● **Excerpted data**
==================================================

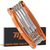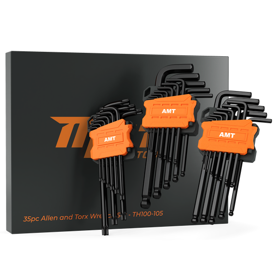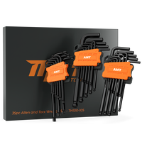 35 Piece Full-Range Hex Key Set: SAE: 0.05, 1/16, 5/64, 3/32, 7/64, 1/8, 9/64, 5/32, 3/16, 7/32, 1/4, 5/16, 3/8. Metric: 1.5, 2, 2.5, 3, 4, 4.5, 5, 5.5, 6, 7mm, 8, 9, 10. Tamper Resistant Star: T10, T15, T20, T25, T27, T30, T40, T45, T50.
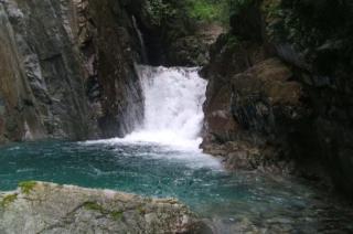 支流からの多段の滝 |
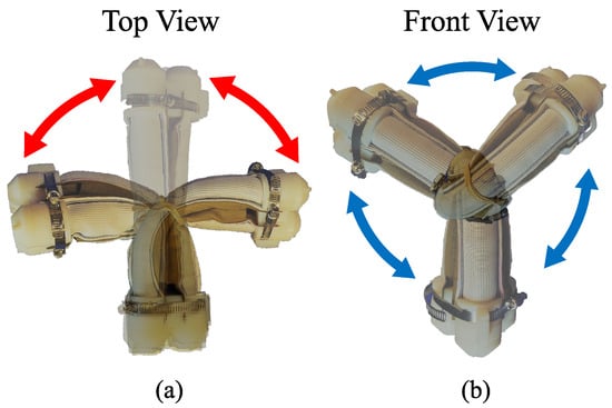 Demonstration of the omnidirectional bending of a horizontally mounted OBA: (a) Top view showing lateral bending, with left bending achieved through pressurization of one chamber to 414 kPa and right bending through pressurization of two chambers to 414 kPa. (b) Front view showing the OBA’s ability to perform bending motions across 360°, achieved by pressurizing each chamber to 414 kPa for all three configurations.
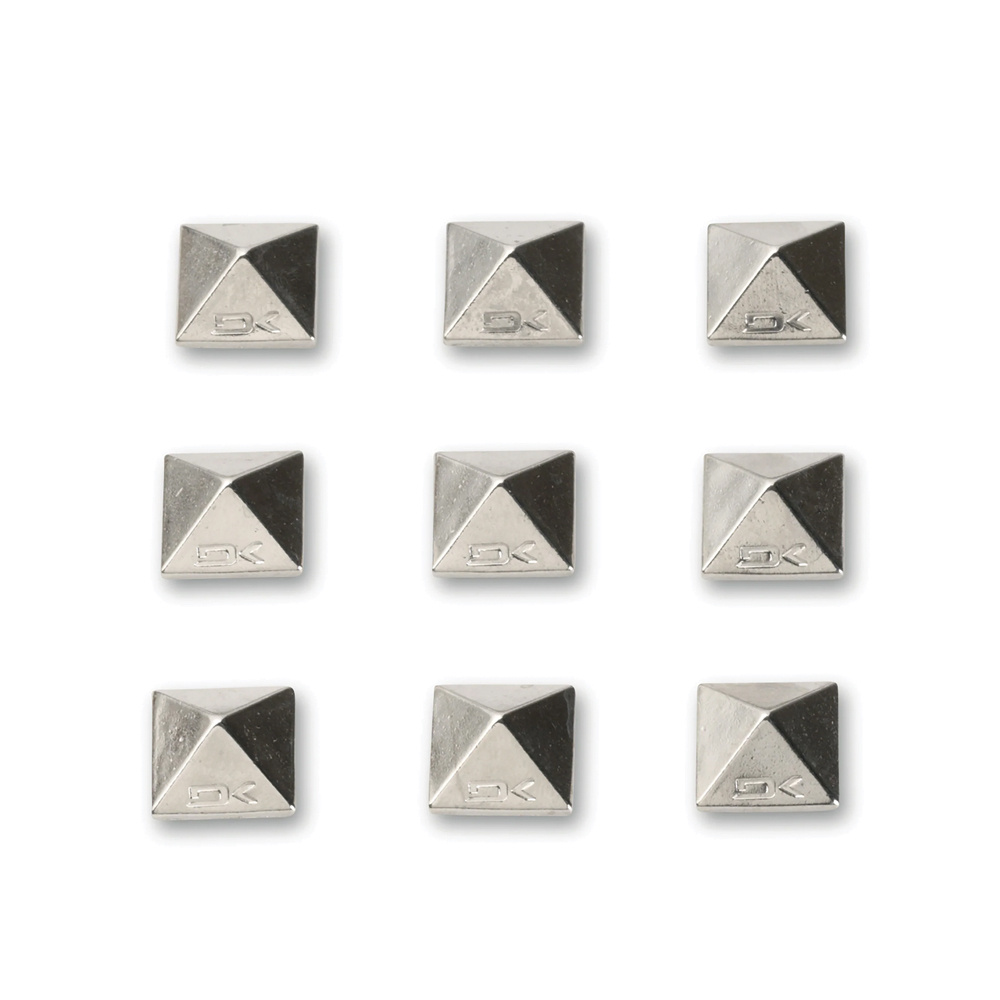 The Dakine Pyramid Studs give snowboarders dependable grip for their free foot without cluttering up board space. Made from sturdy plated aluminum, these studs install easily with a simple peel-and-stick adhesive backing, so you can personalize your setup in seconds. Each pack of 9 comes in black, brass, or chrome finishes, offering durability and style to match your ride. Compact, functional, and long-lasting, the Pyramid Studs are the perfect stomp solution when you need extra security on icy lifts or slick terrain.
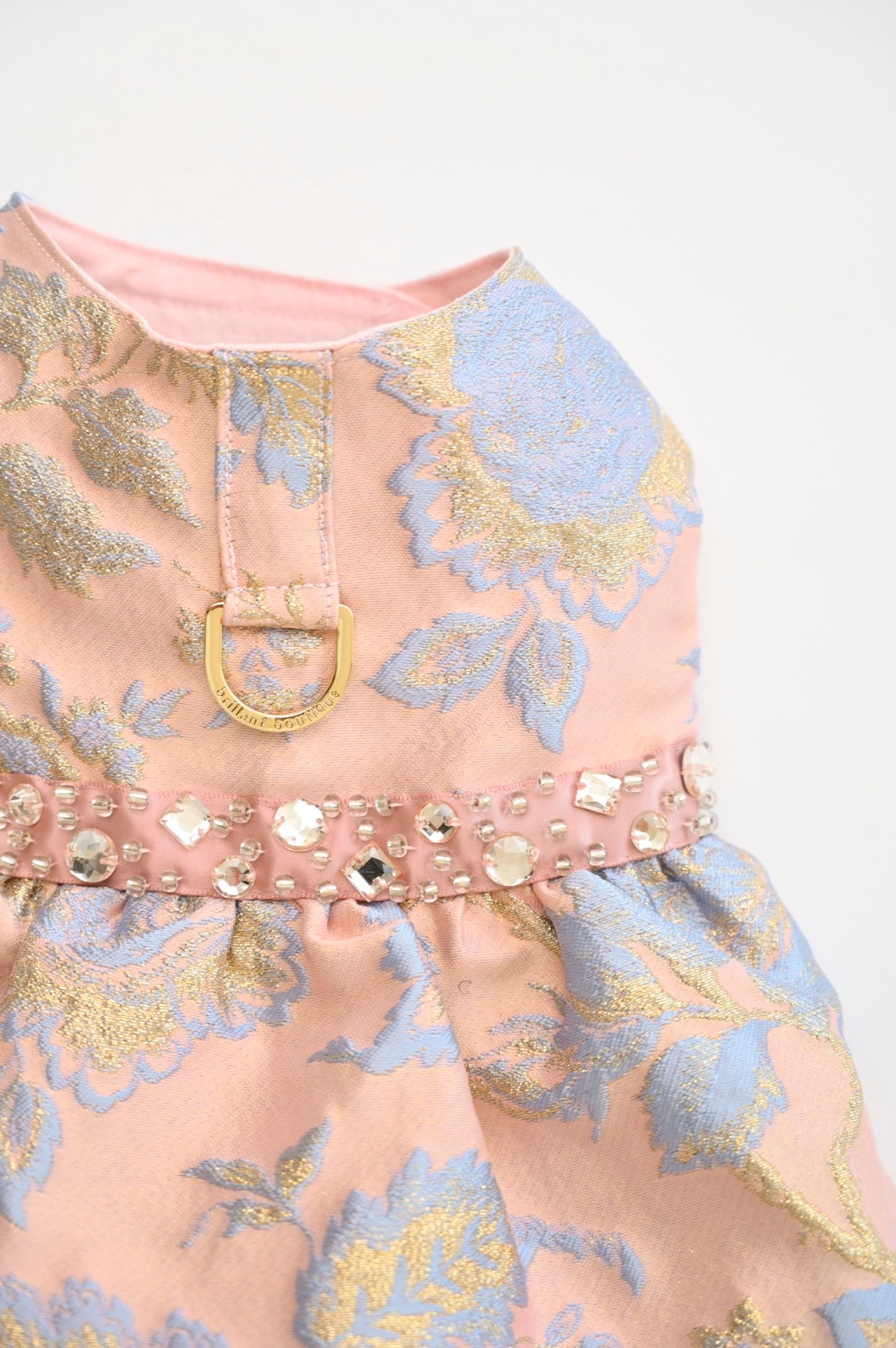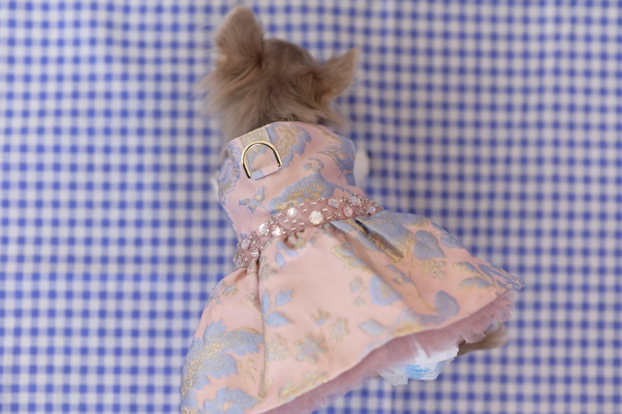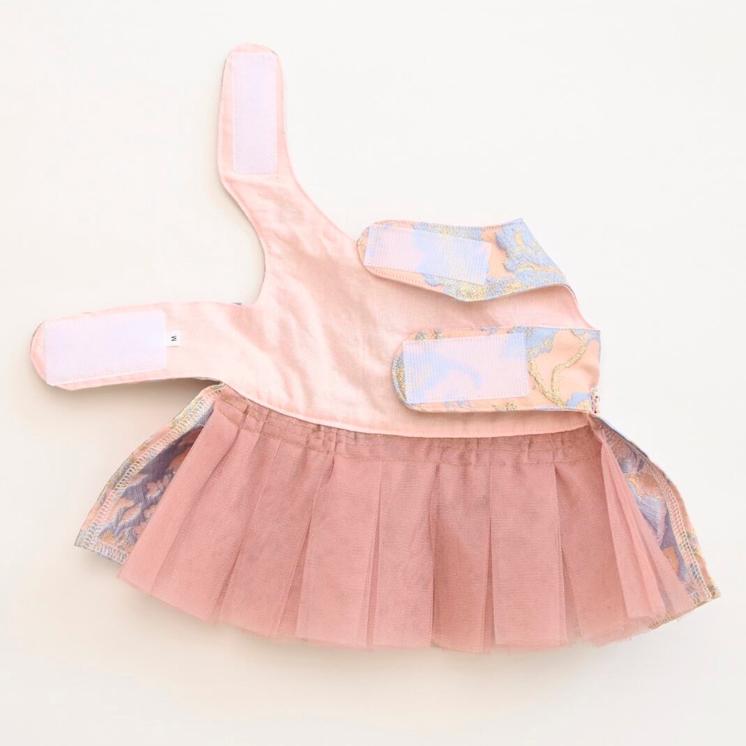 しっかりとしたサテン素材のスカートの下に、ふんわり軽やかなチュールを重ねた愛犬用ハーネスは、見た目の可愛らしさだけでなく、上品さも兼ね備えています。

==================================================

● **Task directions**
Reproduce exactly the lines from the beginning of the material down to the line containing "支流からの多段の滝 |", both ends included, but not the pictures or anything after.

● **Output below**
 35 Piece Full-Range Hex Key Set: SAE: 0.05, 1/16, 5/64, 3/32, 7/64, 1/8, 9/64, 5/32, 3/16, 7/32, 1/4, 5/16, 3/8. Metric: 1.5, 2, 2.5, 3, 4, 4.5, 5, 5.5, 6, 7mm, 8, 9, 10. Tamper Resistant Star: T10, T15, T20, T25, T27, T30, T40, T45, T50.
 支流からの多段の滝 |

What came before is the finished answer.